Seven simple steps to SEO enlightenment

SEO is Awesome: That burning feeling means it's working!

It’s too bad that the search engine optimization field is so shady. Most practitioners are ethical consultants providing a valuable service, but the noisy ones are bad apples who promise that if you’ll follow their 247 step plan, and fork over hundreds of dollars a month, they’ll initiate you into their SEO mystery cult.

In other words:

  1. Expensive SEO
  2. ???
  3. Profit! (without working!)

Here’s the thing:

Without a solid back catalog, you have nothing to apply SEO to.

You need to have a few months of blog posts, or a store with worthy products, or a web app that people love. Yes, you should bake in SEO from the beginning, but SEO can’t create a site worth visiting all by itself. Somebody has to do some hard work. Somebody named you.

So, in an attempt to demystify SEO, I’m writing a series of posts on SEO (the first came out yesterday) that may become a whitepaper or ebook.

I started by doing a very long outline of everything I know about SEO, blogging, WordPress, website performance optimization, the works. Then I sent it to a few people, including Micah Calabrese, SEO consultant, web developer, and the creator of MakingTheChain.com.

When I asked him “what three things on my list are the most important?” he said:

I couldn’t stop at three, it was a fun exercise.

  1. Relevant, easy to remember domain name
  2. Pretty/relevant urls
  3. Relevant page titles, site name last (Hint: think about how you’d want the page to appear if you were looking for it in your own del.icio.us bookmarks. That’s why the site name is last.)
  4. Register domain long term (more than a year at least)
  5. Point www.domain.com to domain.com (or the other way around if you prefer)
  6. Robots.txt to exclude duplicate content
  7. Relevant comments on other blogs linking back to your site (very important but has the lowest amount-of-work/benefit ratio.)

In other words, Google rewards uniqueness, relevance, interconnectedness, and long term quality. The latter, long term quality, is the most important. It’s hard to fake, so it gets rewarded more. That’s why popular bloggers frequently make serious SEO mistakes without suffering.

Think of it this way: Google has a global army of PhDs working on finding and exposing the valuble stuff people are searching for. That army is much better at making search work than you are at screwing up your website.

3 Comments ↓

  1. Disclaimer: I learned a lot of these tips by making mistakes. MakingTheChain.com pretty much fails the first test. Not to worry, I have a much more relevant, easier-to-remember domain ready to launch (as soon as I finish some rebranding.) Also, on #4 I was referring to long term domain registration in case anyone was confused.

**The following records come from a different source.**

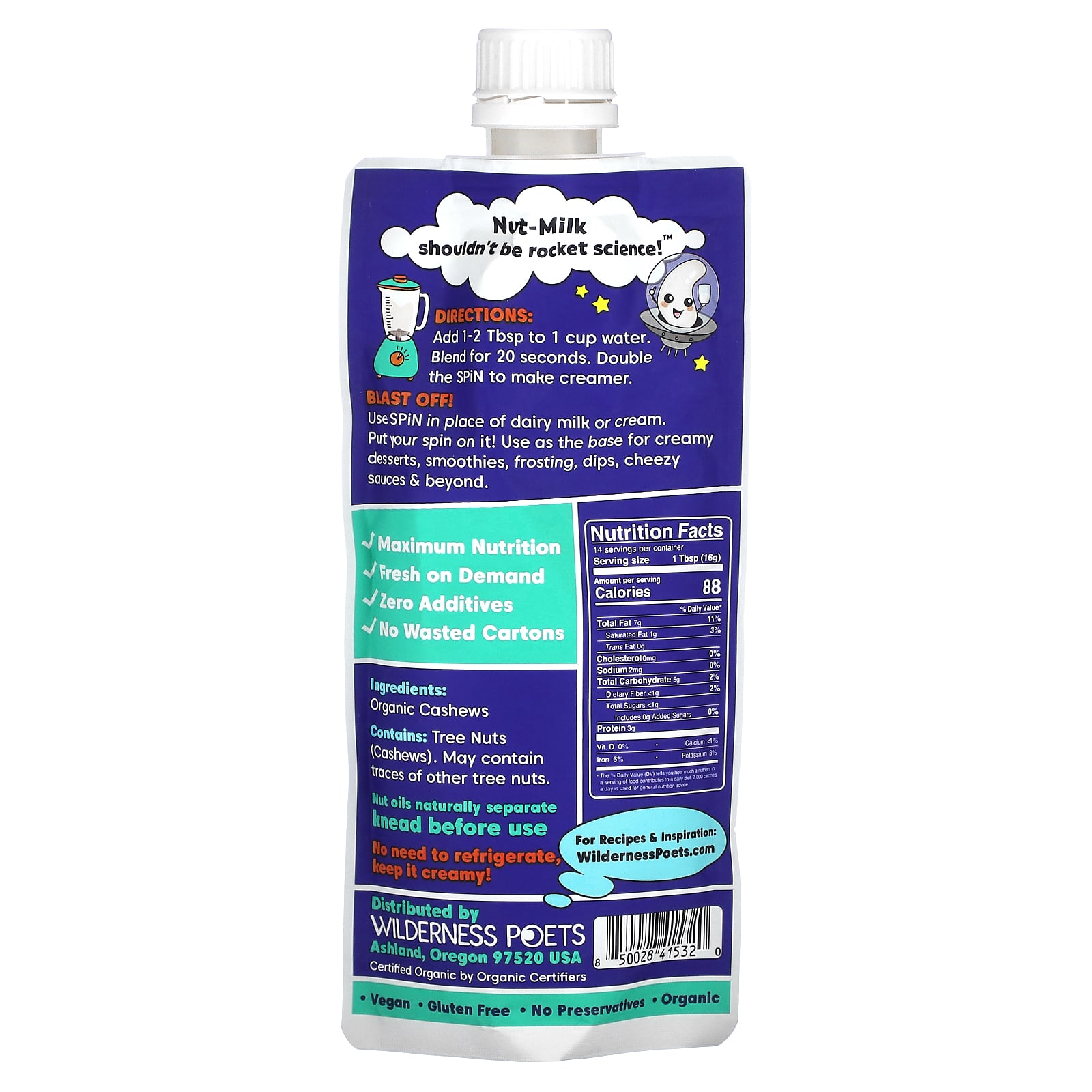 Сделайте свой собственный вкусный крем и молоко из кешью за секунды (без хлопот замачивания, смешивания и процеживания кешью). Просто добавьте воды и взбейте! Добавляйте подсластители и специи, чтобы приготовить сливочные десерты, пенистые латте, кофе со льдом, смузи, дипы, сырные соусы и многое другое. Шелковисто-гладкий, сочный, безграничный потенциал. Это галактика!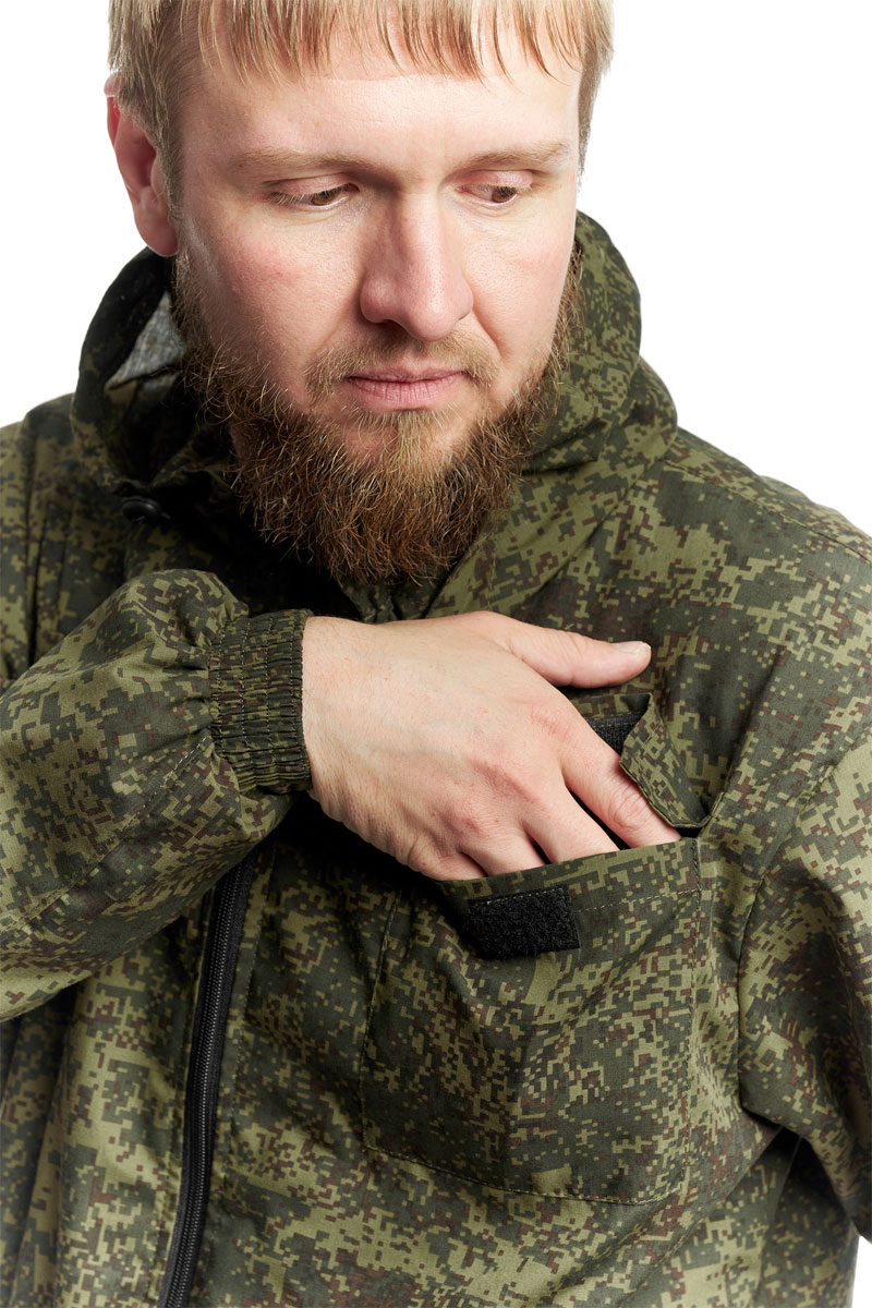Низ куртки и рукавов обработан широкой эластичной тесьмой резинкой, что обеспечивает хорошую посадку и предотвращает проникновение холодного воздуха или насекомых. Костюм также устойчив к UF-излучению, что обеспечивает дополнительную защиту от солнечных лучей.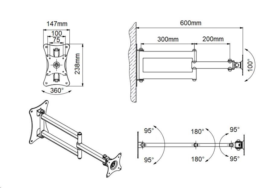 Kompletná špecifikácia Držiak TV alebo monitoru EDBAK GD26 Profesionálny držák na televízor alebo monitor 15-43", otočný, sklopný, dĺžkovo nastaviteľný, funkcia pivot, VESA 75x75 a 100x100, nosnosť 15kg Nástenný držák vynikajúcej kvality a robustnej konštrukcie pre zavesenie televízora alebo monitoru 15-43". Držiak podporuje VESA štandardy 75x75 a 100x100, je možné zakúpiť VESA rozšírenie na 200x100 a 200x200. Po zavedení TV na držiak môžete obrazovku otáčať na obidve strany aj kolmo ku stene, naklápať nahor a nadol, otočiť ju na šírku alebo na výšku. Vzdialenosť od steny je možné nastaviť v rozmedzí 90-600mm. Držiaky GD26 je možné zakúpiť vo troch farebných variantoch: čierny, strieborný alebo biely. Nosnosť držiaku je 15kg. Záruka 5 rokov. Polohovateľný otočný sklopný a dĺžkovo nastaviteľný držiak na LCD LED televízory a monitory - EDBAK GD26 / drzakyastolky.cz Technické údaje: nosnosť 15kg podporuje VESA štandardy 75x75 a 100x100 možnosť rozšírenia VESA štandardu na 200x100 alebo 200x200 za príplatok odporúčaná uhlopriečka televízora alebo monitora 15-43" nastaviteľná vzdialenosť od steny minimálna vzdialenosť 90mm maximálna vzdialenosť 600mm funkcia PIVOT - možnosť otáčania obrazovky okolo osi otáčanie do strán +/- 90° náklon +10° až -50° (možno aj obrátene, podľa montáže držiaka) jednoduchá a rýchla montáž profesionálna kvalita oceliová konštrukcia farba - čierna, strieborná alebo biela záruka 5 rokov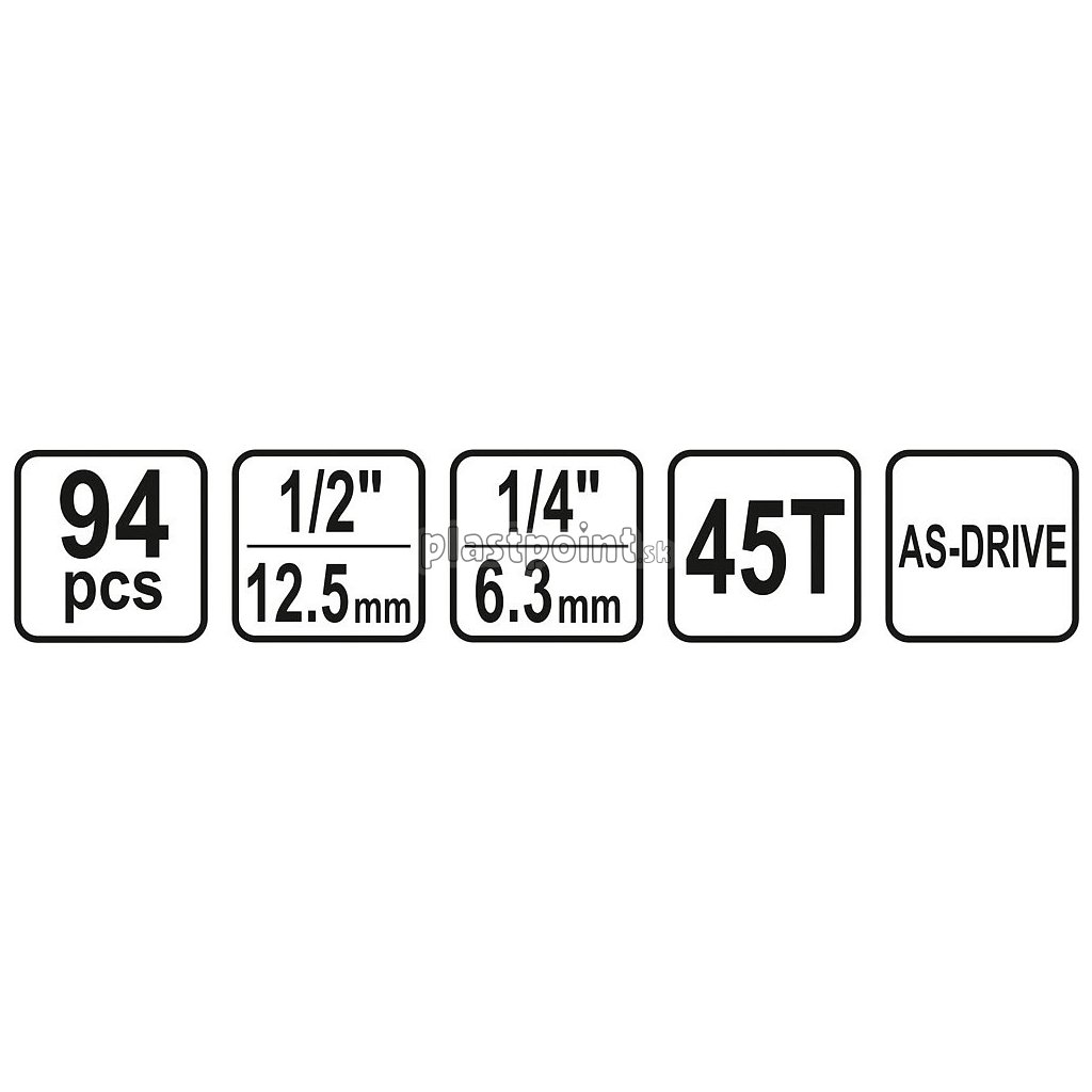 Sada obsahuje dve račne, celý rad bitov, adaptérov, nástavcov 1/2'a 1/4' všetko usporiadané v prehľadných pozíciách.
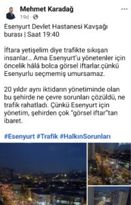 20 yıldır aynı iktidarın yönetiminde olan bu şehirde ne çevre sorunları çözüldü, ne trafik rahatladı. Çünkü Esenyurt için yönetim, şehirden çok “görsel iftar”tan ibaret.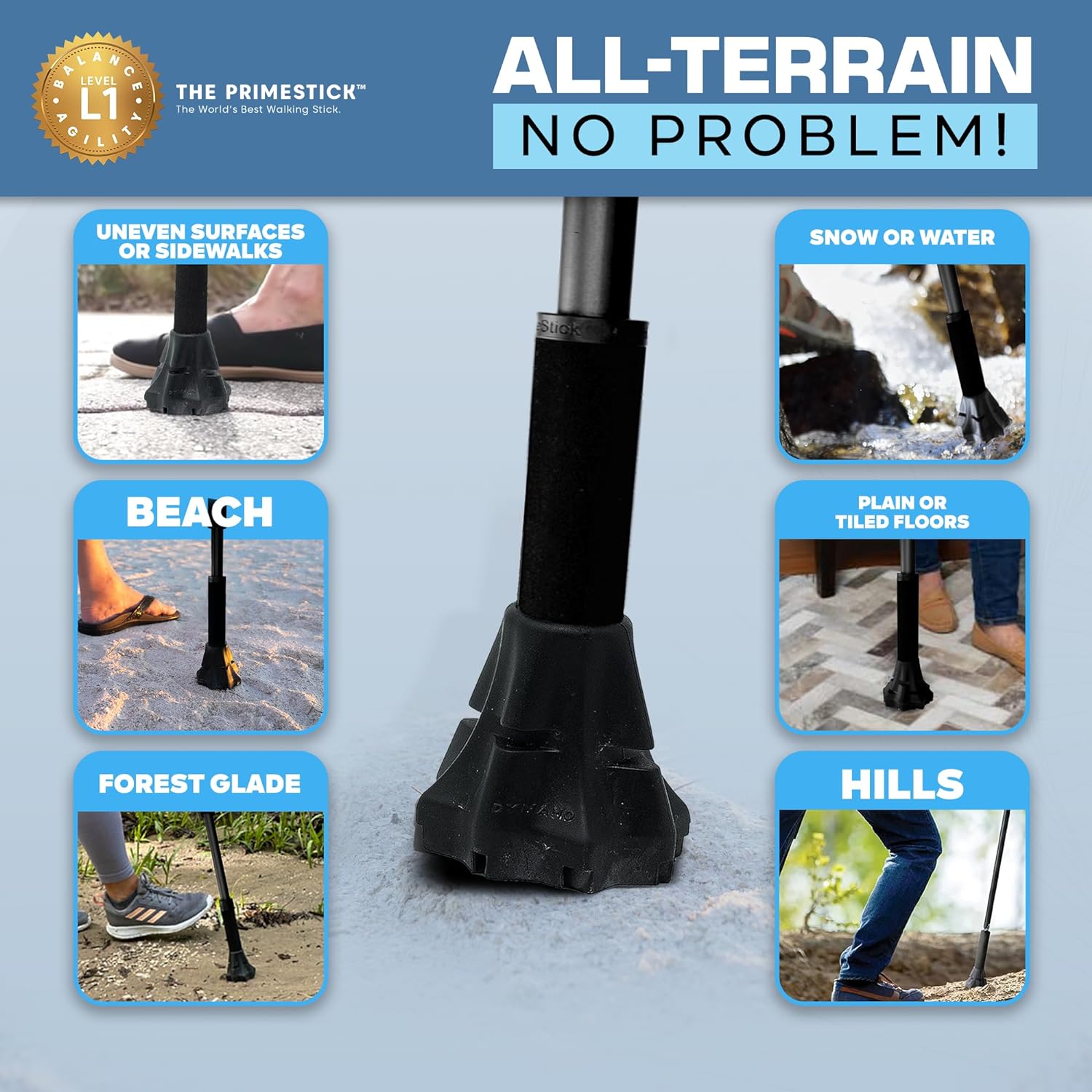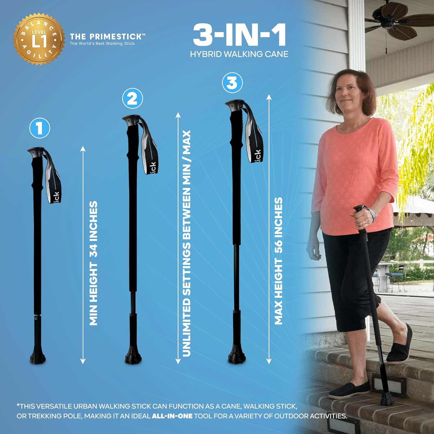 - PrimeStick (Level 1) – Best for light support, walking, hiking, or occasional use.
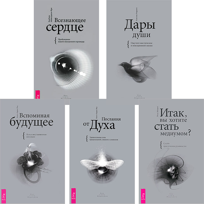 | Полное название книги | Коллет Барон-Рид, Констанс Родригес, Роза Айнден, Барбара Майклджон-Фри Итак, вы хотите стать медиумом? Послания от Духа. Всезнающее сердце. Дары души. Вспоминая будущее (комплект из 5 книг) |
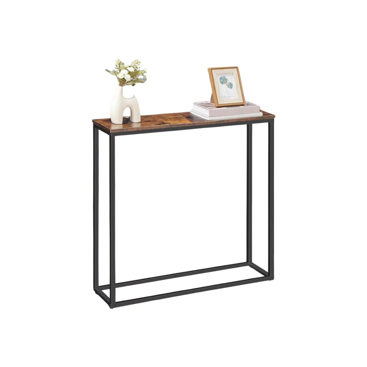 With dimensions of 75 x 20 x 76 cm (L x W x H), this narrow console table is perfectly suited for compact areas such as dormitories and apartments. Its compact design ensures functionality without occupying much floor space. This console table offers multi-scene functionalityit can serve as a convenient hallway table for storing keys and helmets, a stylish display table next to a window showcasing artworks, or even a charming small sofa table in the living room for decorative purposes. Featuring a unique design, this slim console table combines rustic brown tones with classic black accents, creating an eye-catching aesthetic. The smooth surface and distinct pattern evoke the essence of an ink painting, injecting vibrancy into any space. Crafted from high-quality particleboard and metal, this hallway table ensures stability and durability. It is equipped with 4 adjustable feet to accommodate uneven floors, providing a secure and steady placement. Enjoy a hassle-free assembly process with detailed, illustrated instructions and clearly labeled parts. Whether you're a seasoned DIY enthusiast or a novice, you can confidently assemble this console table and appreciate the satisfaction of completing a functional and stylish piece for your home.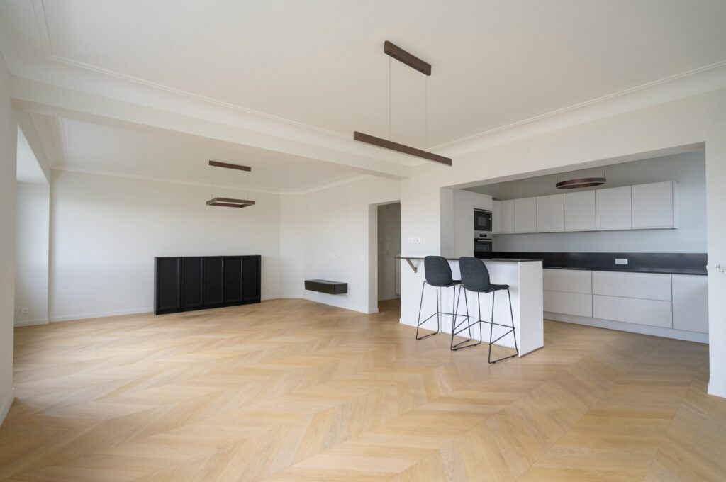 À proximité de toutes les facilités (Montgomery, Thieffry, commerces, transports, écoles, …), magnifique appartement 2-chambres entièrement rénové avec des finitions de qualité. Il offre une superficie brute de +/-108m² (+/-98m² nets). Il se compose d’un vaste séjour en parquet massif de +/-38m² avec cuisine américaine super équipée, balcon de 2m², une chambre de 12m², une […]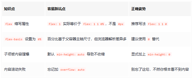 所以写 flex: 1 1 0 更明确,不容易出错,建议全团队都统一用这个写法 ✅。

  2. Thanks for your interesting post. I think that is why it is so hard to outsource SEO to others, especially when it comes to article marketing and blog content. I really just have to make the time to do it myself. I do local SEO here in Palm Beach County Florida and I will truly try to apply some of your concepts to my work.
    Thanks again!

  3. Nathan Bowers writes:

    @Michelle, glad to help, let me know how things work/what you discover.

    @Micah, I updated point 4 to clarify “domain”, thanks. I feel you re: not practicing everything I preach. There are only so many hours in the day after all. Do you ever hear Laurence Fishburne whispering in your ear: “There’s a difference between knowing the path and walking the path.”?